Numismática, por: Fernando González Ortega.
Presidente de la Sociedad Numismática
y Filatélica Peninsular A.C.
E-mail: columnario@hotmail.com
Tras el establecimiento y
próspera conquista de la Nueva España en el centro del país, trajo consigo a
muchos terratenientes, soldados y españoles en general para buscar nueva
fortuna; y además de los naturales mexiquenses que ya se “españolizaban”, empezó
a crecer el comercio, y la nueva España empezó a tener su propia economía. Esto
provocó una escases de moneda circulante que solo era española y era
celosamente guardada por los ricos. Los soldados y gente común, empezaron a
fabricar discos de oro y cobre a manera de moneda llamados “pesos de tepuzque”,
cuyo peso correspondía al de un castellano (moneda Española); de ahí se
originaría, años después, la unidad monetaria de México: EL PESO.
El descubrimiento de
grandes vetas de metales preciosos, llevó a que el comercio se incrementara más
y la petición al Virrey Don Antonio de Mendoza, que solicitara el
establecimiento de una casa de moneda. En la real cédula con fecha 11 de mayo
de 1535, el Rey de España (Carlos I) decretó el establecimiento de la primera casa
de moneda en toda América, y que en parte decía: “Y PONGASE
EN LA PARTE DONDE HOBIERE LA DEVISA DE LAS COLUMNAS UNA M LATINA, PARA QUE SE
CONOZCA QUE SE HIZO EN MÉXICO”.
De manera inmediata, el
Virrey de Mendoza dispuso a establecer la casa de moneda de México, empezando a
grabarse los primeros troqueles en marzo de 1536 y a acuñarse las primeras
monedas en plata exclusivamente en abril de 1536. Por ello, aunque la Real
cédula marca que se aprobó la casa de moneda en 1535, se reconoce como año de inicio
o aniversario el año de 1536.
La “ceca” o marca de la
Casa de Moneda de México, la cual establece que fue acuñada en México, por lo
regular aparece como una “o” minúscula sobre una “M” mayúscula como actualmente
se puede observar en la moneda Mexicana.
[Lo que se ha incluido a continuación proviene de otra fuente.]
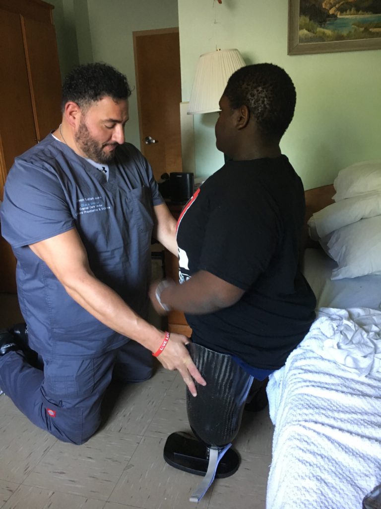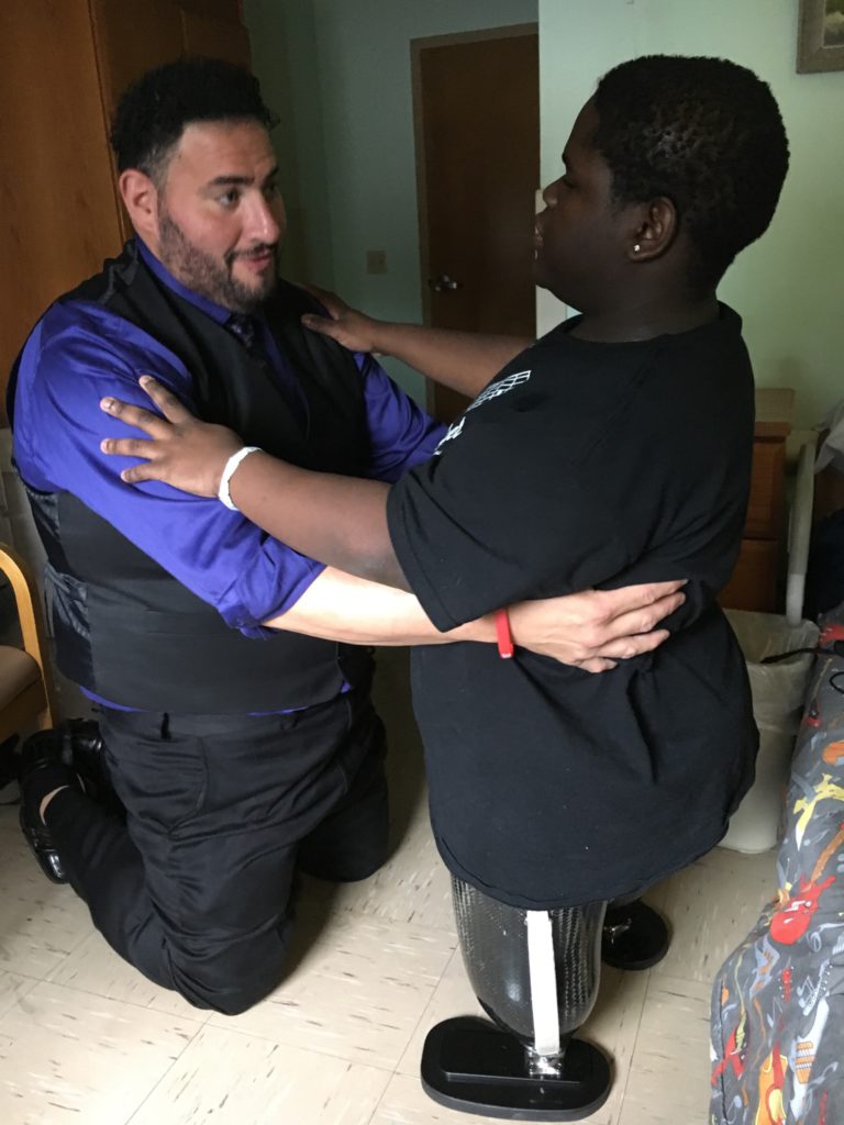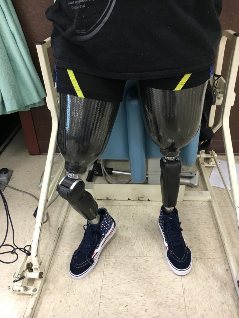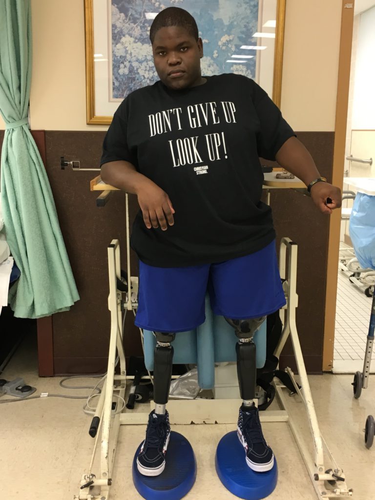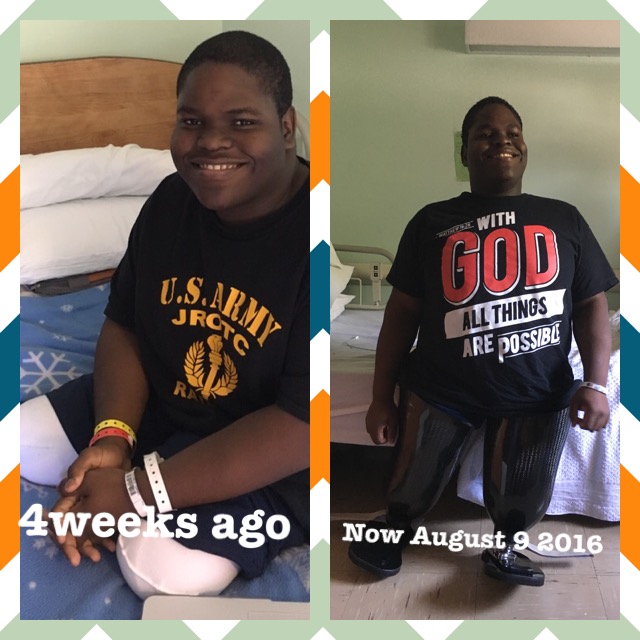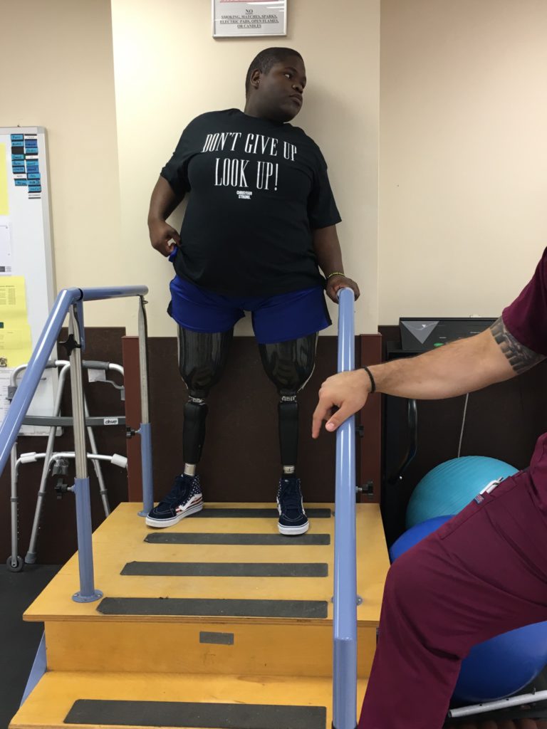 On July 19, I was transferred to a rehab facility where I receive between 4-6 hours of strength training and gait training seven days a week! I received my safety legs within a month and the first time I stood up in them everyone in the therapy room cried. Mom most of all. I was standing tall and proud and went from 4'5" tall to 5'7" tall in 3.5 seconds! and I started walking with a walker. One month after that I received my micro processor, bionic, self correcting RHEO-X knees. I now can go up and down stairs, walk around the gym three times and ride a recumbent bicycle. I also returned to school on September 26th. I Attend my four main courses from 8am until noon, and then go back to rehab where I will be for a few more months until I can walk safely with just a cane. I have maintained my honor roll status and still am a member of JROTC/Army.

Existieron además, pequeñas
variaciones experimentales sobre el diseño de la ceca, pero hasta la fecha, se
ha quedado la misma.
Las primeras monedas
acuñadas fueron de las denominaciones de 3, 2, 1, ½ y ¼ de Real y la mitad de la producción debería
de ser de 1 real, y algunas de 4 maravedís de cobre que de inmediato fueron
rechazadas. En 1537, el Rey aprobó la acuñación de monedas de 4 reales y la
suspensión de la de 3 por confusiones en su tamaño y peso; en esa misma cédula,
se aprobó la acuñación de monedas de 8 reales, pero estas nunca fueron acuñadas
sino hasta 1572 por el Rey Felipe II. La moneda de 4 reales tuvieron una gran
aceptación entre la población que hasta llegó a predominar sobre otras la
producción.
Todas estas monedas
fueron y hasta la fecha son llamadas como “Carlos y Juana” por los reyes de
España que las mandaron a acuñar, y por la leyenda que traían en su
circunferencia que decía: HAROLVS ET IOHANA REGES (Carlos y Juana Reyes), en su
anverso, y en su reverso profesaba: HISPANIARVM ET INDIARVM REGES (Reyes de
España e Indias). Las primeras monedas no se les acuñaba la fecha, fue hasta
principios del siglo XVII con el Rey Felipe III cuando se empezó a acuñar la
fecha.
Estas monedas actualmente
son de gran valor sobretodo histórico y que fueron el modelo para la creación de otras casas de moneda a
lo largo de América y los diseños de estas fueron atribuidos a grabadores
mexicanos.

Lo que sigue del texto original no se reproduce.